> **Work instructions**: Drop the images; return everything else in the listing below exactly.

> **Supplied material**:
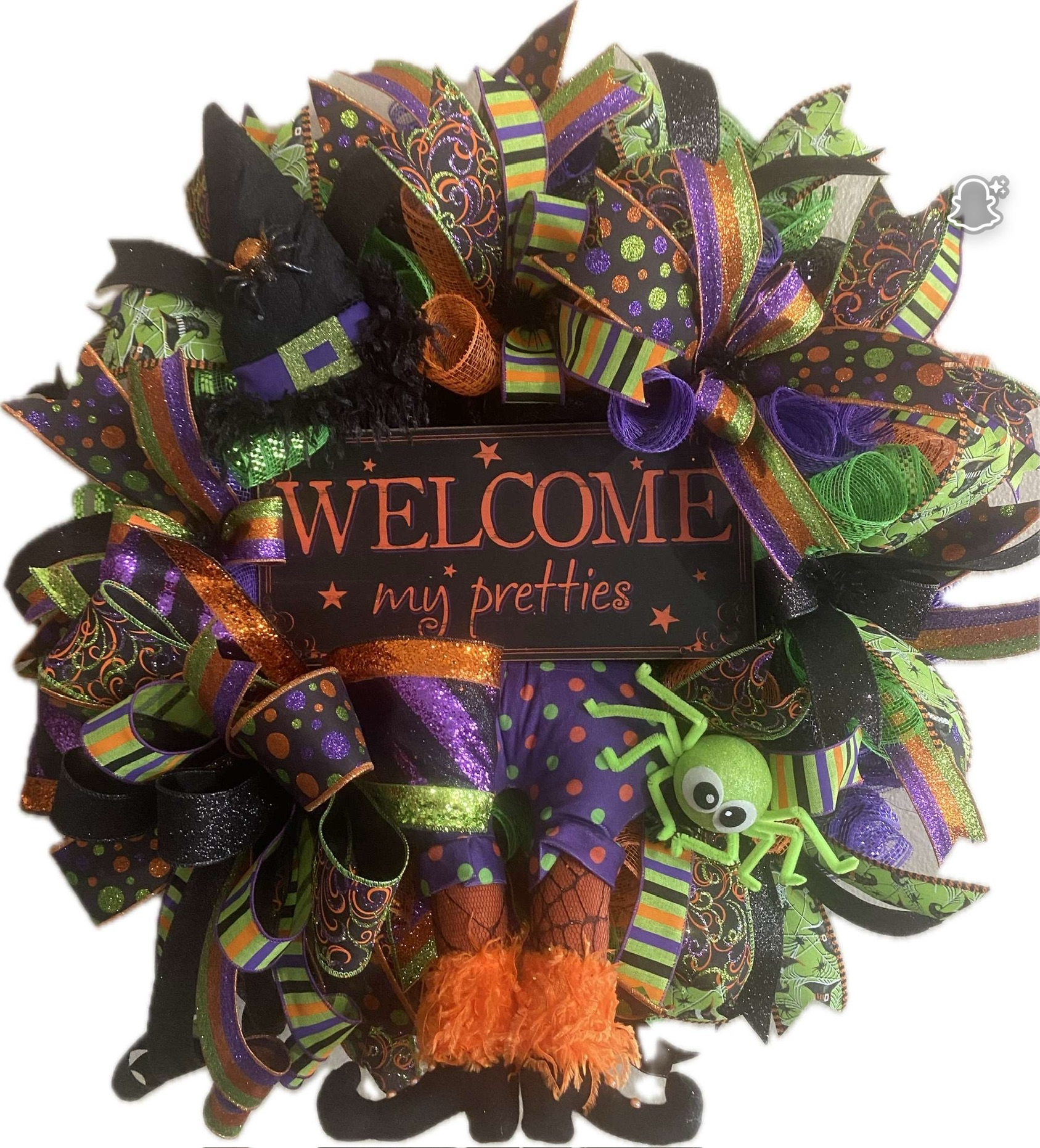 Make your doorway wickedly welcoming with our “Welcome My Pretties” Halloween wreath. Layered deco mesh and luxe wired ribbons in purple, lime, orange and black create a full, fluffy base that sparkles from the street. A sassy witch hat and legs peek out among the bows, while a friendly green spider and the “WELCOME my pretties” sign complete the playful look. It’s cheerful, over-the-top, and designed to last through the whole spooky season.
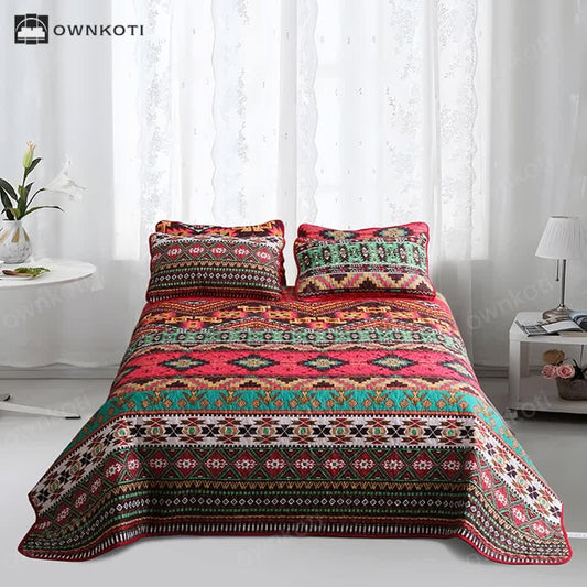 Bohemian Geometric Quilted Breathable Bedding Set(3PCS)
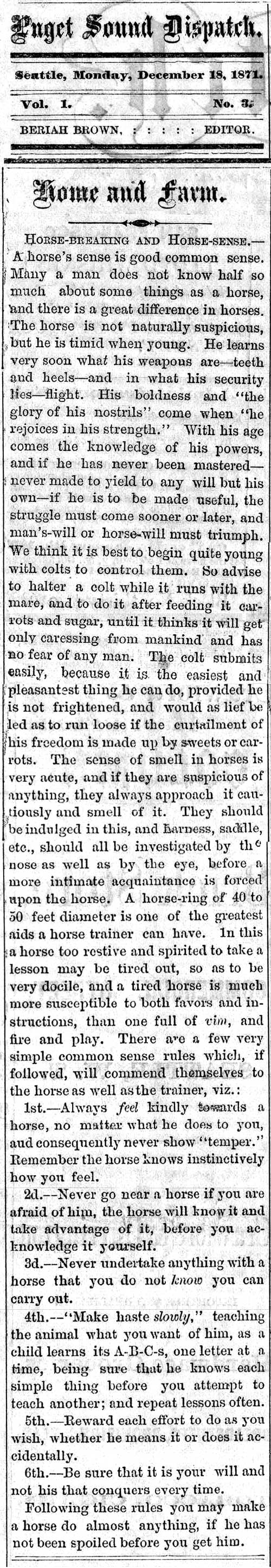 H – Horse-Breaking-ST-12-18-1871-WEB July 27, 2014 500 × 2890 Seattle Now & Then: When the Circus Came to Town Most like another EDGE CLIPPING, this instruction on how to handle a horse was printed first in the Puget Sound Dispatch for December 18, 1871. CLICK TO ENLARGE

> **Response area**:
 Make your doorway wickedly welcoming with our “Welcome My Pretties” Halloween wreath. Layered deco mesh and luxe wired ribbons in purple, lime, orange and black create a full, fluffy base that sparkles from the street. A sassy witch hat and legs peek out among the bows, while a friendly green spider and the “WELCOME my pretties” sign complete the playful look. It’s cheerful, over-the-top, and designed to last through the whole spooky season.
 Bohemian Geometric Quilted Breathable Bedding Set(3PCS)
 H – Horse-Breaking-ST-12-18-1871-WEB July 27, 2014 500 × 2890 Seattle Now & Then: When the Circus Came to Town Most like another EDGE CLIPPING, this instruction on how to handle a horse was printed first in the Puget Sound Dispatch for December 18, 1871. CLICK TO ENLARGE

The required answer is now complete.